You call that a boost?
At first glance the reading on second quarter U.S. GDP growth of 1.9% might have been considered a positive for markets. Amidst skyrocketing energy costs, rapidly falling household wealth and rising unemployment, any number significantly into positive territory might be cause for celebration. But when you consider that it took place along side the dispersal of $71 billion in tax rebate checks, which led to an 11.3% annualized jump in real personal disposable income - the result is less impressive. And while the headline growth number fell just short of market expectations it was really the 1.5% turnout on personal consumption that left the most to be desired. Year-over-year PCE growth remained on a downward trend in spite of the stimulus checks, falling to its slowest pace since 1991.

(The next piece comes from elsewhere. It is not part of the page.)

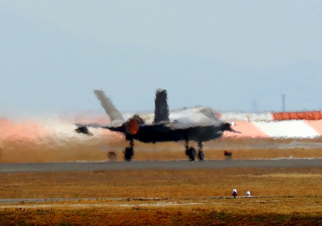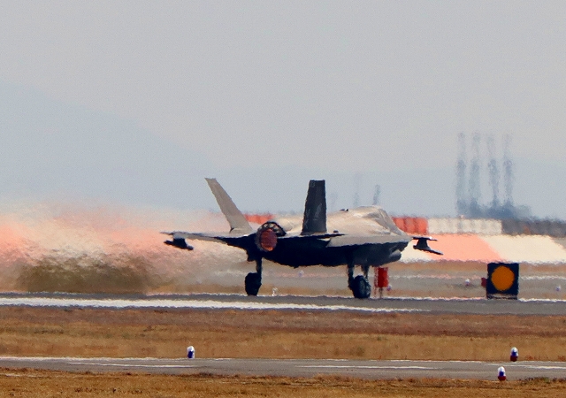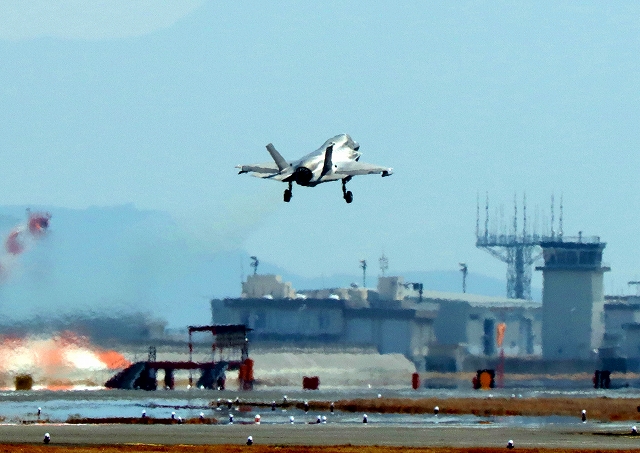 海兵隊 F-35B ライトニングⅡ 戦闘機(岩国基地)、VK、09番機が離陸 |

In an earlier report we wrote that the deceleration in retail sales in June pointed to consumption growth underperforming our original forecast. This was confirmed in the numbers released this week. While it is a bit early to judge the full impact of the fiscal stimulus package as households may have held off spending their checks (pushing some of the impact of the stimulus into the third quarter) this is a risky horse to bet on. It is equally likely that some of the bounce in spending observed in the first quarter was in anticipation of the stimulus checks. Keep in mind that the fiscal stimulus package first started making headlines back in January, giving households adequate time to plan how they were going to spend their windfall. What's more, spending did see a jump in May, the month that the bulk of the stimulus checks went out, before decelerating considerably in June. What we do know is that income growth in the third quarter will likely be negative following the temporary bounce from the stimulus and few signs point to a surge in new spending in the third quarter.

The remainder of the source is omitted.